_AVAILABLE DATA_
+ + +

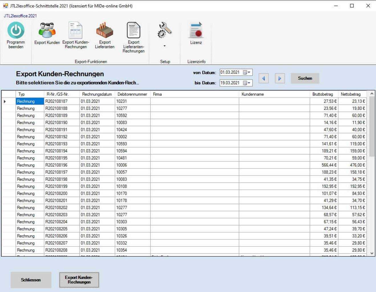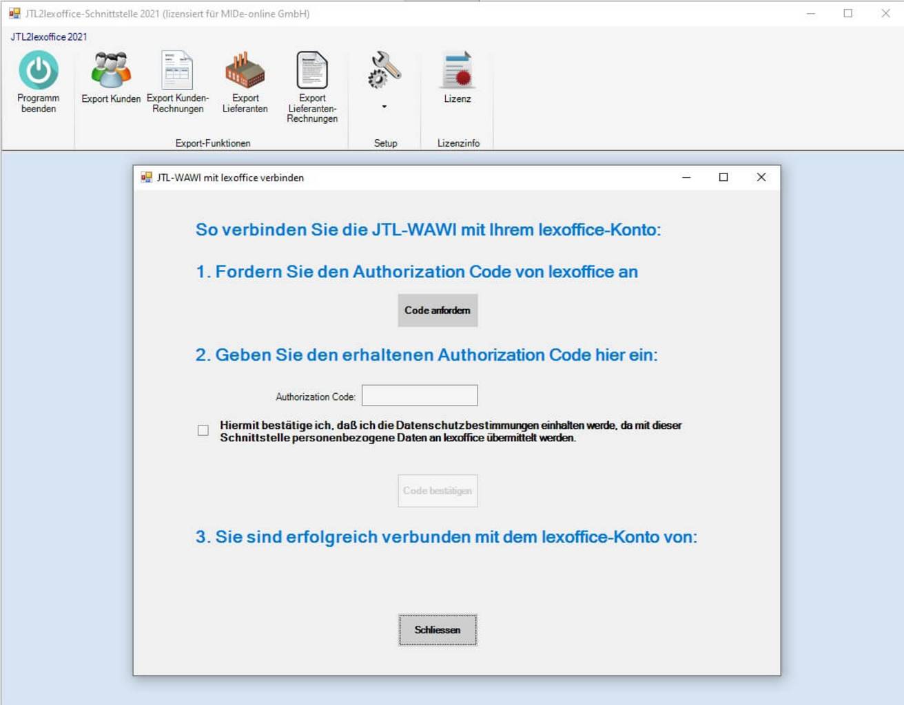 Die in der JTL-WAWI erzeugten Kundenrechnungen bzw. Gutschriften werden über einen frei definierten Zeitraum ausgewählt und inklusive der von der JTL-WAWI erzeugten Belegbilder nach Lexware Office übertragen.
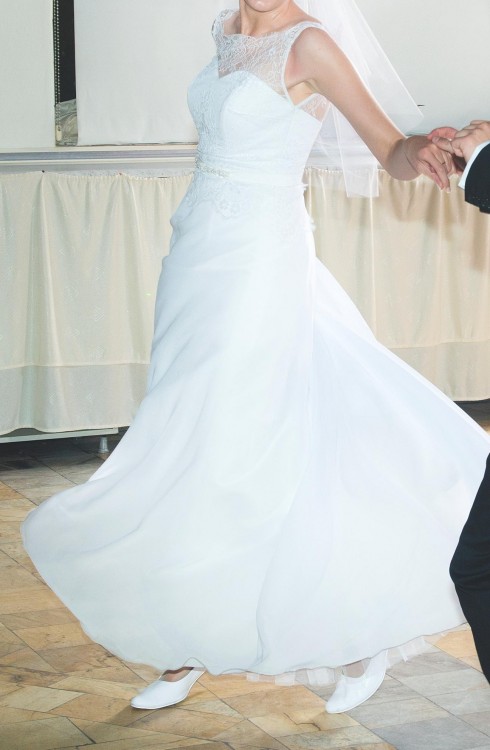 Sprzedam suknię ślubną kupioną w salonie Anabelle w Opolu - kolor biały, r. 38 na wzrost ok. 175 cm plus 5 cm obcas.
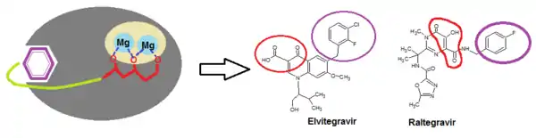 Raltegravir and elvitegravir share the same mechanism of action against integrase: to bind to the active site of Mg2+ ions.[8] Competitive inhibitors compete directly with viral DNA for binding to integrase in order to inhibit 3‘-end processing.[15] In doing this the inhibitors completely block the active site from binding to target DNA. This inhibition is called strand transfer inhibition.[8]
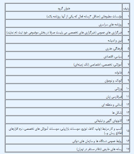 1. مؤسسات مطبوعاتی، روزنامهها، هفتهنامهها، دو هفتهنامهها، ماهنامه ها، دو ماهنامهها، فصلنامهها
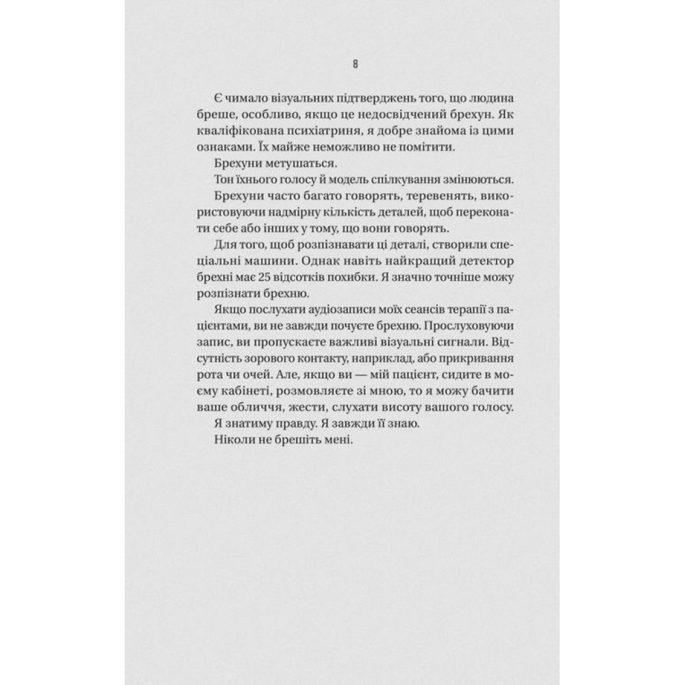 Романом «Ніколи не бреши» Фріда Мак-Фадден вчергове пропонує читачам історію, темп якої захоплює, а фінал залишає під невимовними враженнями.
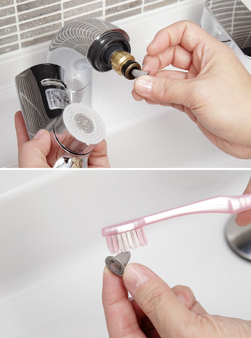 2. 網目に詰まったゴミを歯ブラシでこすって落とします。
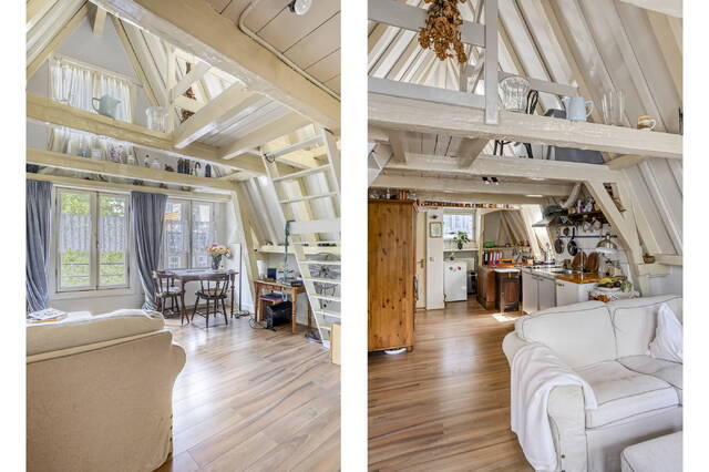 Characterful details: high ceilings, wood beams, large windows
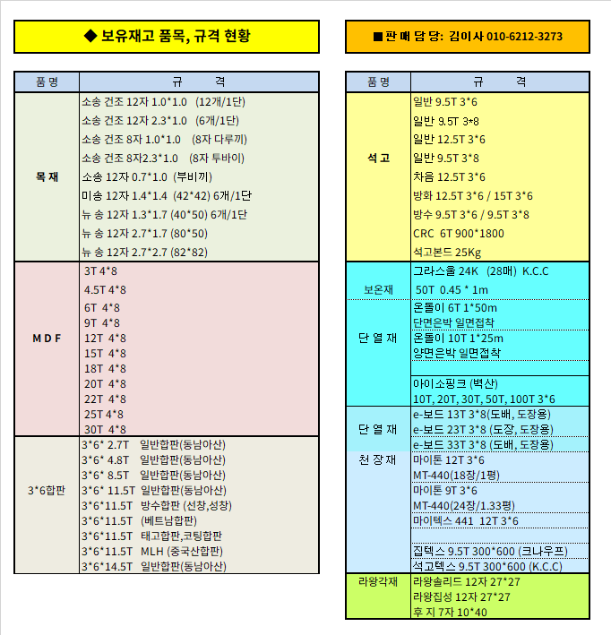일산합판 발주시(주문) 연락주세요. 010-6212-3273 (김이사)
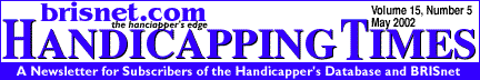 KENTUCKY DERBY WINNING SELECTIONSBrisnet.com is your only source for value-added information plus complete coverage of this year's Kentucky Derby. From great pedigree data to superior performance ratings, Brisnet.com has it all! Here's a brief look at our comprehensive Derby menu: FREE DAILY NEWS Each day race fans from across the globe visit racing's top online newsletter, the Handicapper's Edge. Serious handicappers enjoy the up-to-the-minute coverage of the Triple Crown every day now through June. Each issue is packed with the latest happenings, jockey and trainer quotes, workout details, and so much more. Stay on top of your favorite sport and the road to the Derby with the FREE Handicapper's Edge, compliments of Brisnet.com. ULTIMATE PPs & ENTRY REPORT As the name implies, Ultimate PP's is racing's most complete past performance product, offering stats for the Jockey, Trainer, Sire & Dam, and more! Ultimate PPs will be available with post positions on Wednesday night, May 1. In addition, all entry Brisnet.com reports will be available, so log on and download your favorite Brisnet tool. PRIME POWER Prime Power looks to make it a three-peat on May 4. The top ranked horse has won the last two runnings of the Derby, and this includes longshot winner Monarchos! Some of our most popular files include the incredible Prime Power Ratings: Ultimate PPs, Quick Play PPs, Power Search, ALL-Ways, Super Stats, and MultiCaps. Download one of those reports/data files and find out which horse is tops on Prime Power. GREAT SELECTION SHEETS If you want to stack the odds in your favor, then you need to use WINNER'S CHOICE. Each selection sheet is filled with powerful handicapping angles such as key races, exceptional workouts, hot trainer/jockey combos, 3 Star Best Bets and much more. Why not do yourself a favor and pick up Winner's Choice for Derby Day. Only one handicapper follows Bluegrass racing all year long, the KENTUCKY HANDICAPPER. Devoting his time exclusively to Kentucky racing, the Kentucky Handicapper has intimate knowledge of what it takes to win on Derby Day. Download the Kentucky Derby and the full undercard for only $3.00 on Thursday, May 2. Don't miss his complete KY Oaks coverage on Friday, May 3! NOBODY BEATS THE WIZARD! Tap into the knowledge of America's most celebrated handicapper, the Wizard. Depend on somebody who has made his living playing the ponies for nearly 30 years. For only $8.00 the Wizard will share his in-depth analysis and wagering strategies for Derby Day. He's hit three of the last five winners, including longshot Real Quiet! Make a clean sweep of the 2002 Triple Crown with Wizard reports for the Preakness and Belmont. Check out our Derby Report Menu today! FAX SERVICE Anytime you are away from your computer, BRIS can still accommodate your handicapping needs. Call 1-800-354-9206 for our fax or overnight mail service. |
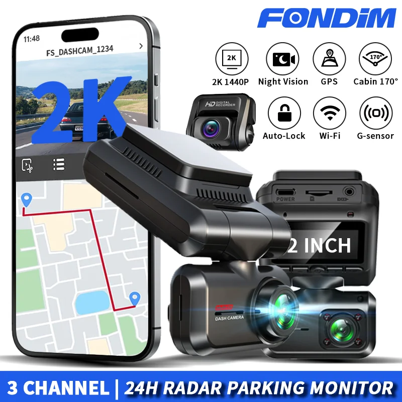 FONDIM 자동차 DVR GPS 대시 카메라, 3CH 자동차 DVR 4K 전면 및 1K 캐빈 캠, 후면 캠, 자동 비디오 녹음기 지지대, 24 시간 주차 모니터 (A7) |
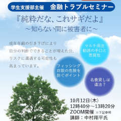 「金融トラブルに関するセミナーを10/12 (木) にオンラインで緊急開催します。」【事前予約不要】
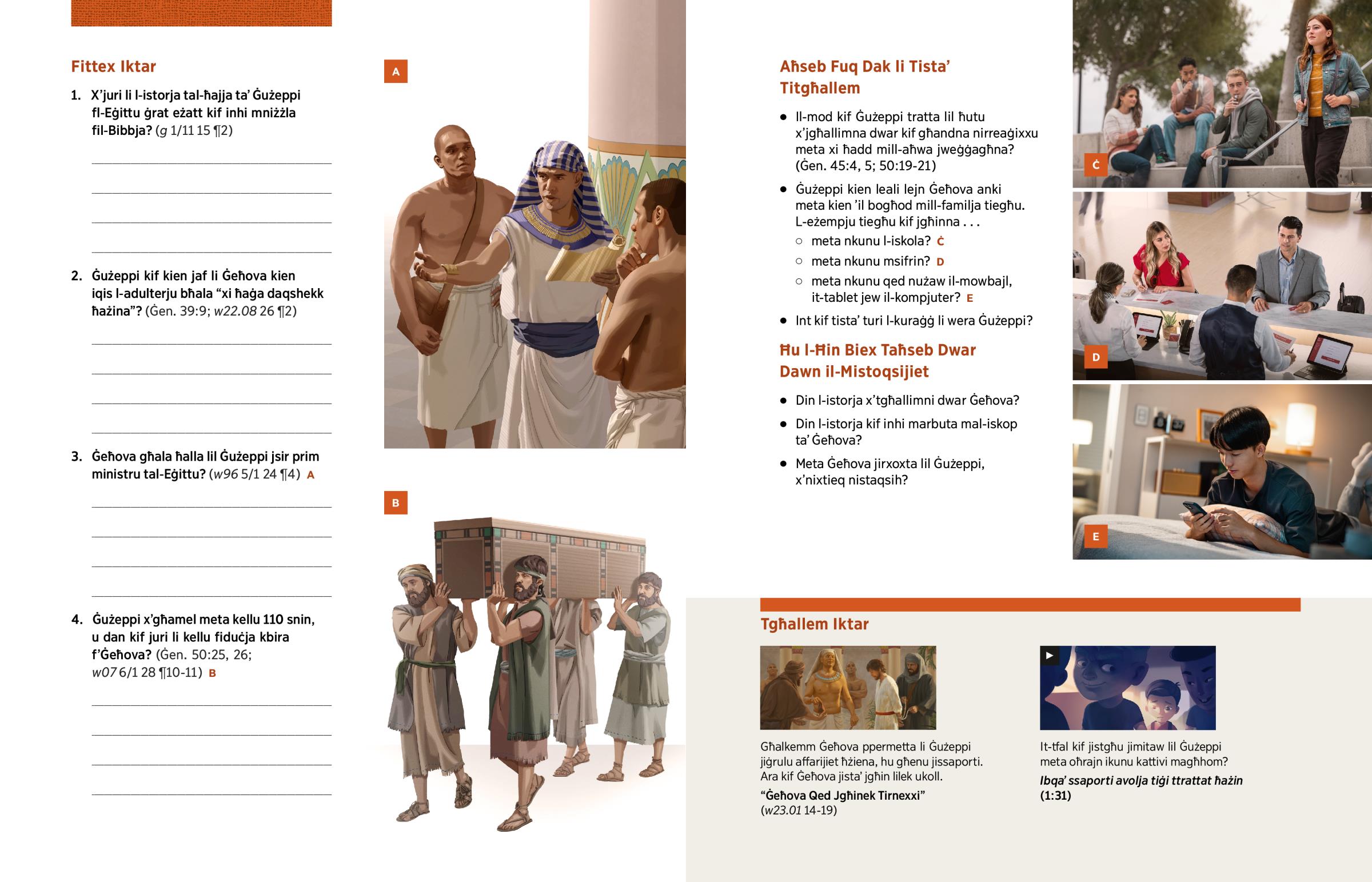 2. Ġużeppi kif kien jaf li Ġeħova kien iqis l-adulterju bħala “xi ħaġa daqshekk ħażina”? (Ġen. 39:9; w22.08 26 ¶2)

+ + +

_YOUR GOAL_
Please copy exactly the lines from the one containing "FONDIM 자동차 DVR" through the last line of the records above, both included, and leave out any pictures.

_RESULT BELOW_
 FONDIM 자동차 DVR GPS 대시 카메라, 3CH 자동차 DVR 4K 전면 및 1K 캐빈 캠, 후면 캠, 자동 비디오 녹음기 지지대, 24 시간 주차 모니터 (A7) |
 「金融トラブルに関するセミナーを10/12 (木) にオンラインで緊急開催します。」【事前予約不要】
 2. Ġużeppi kif kien jaf li Ġeħova kien iqis l-adulterju bħala “xi ħaġa daqshekk ħażina”? (Ġen. 39:9; w22.08 26 ¶2)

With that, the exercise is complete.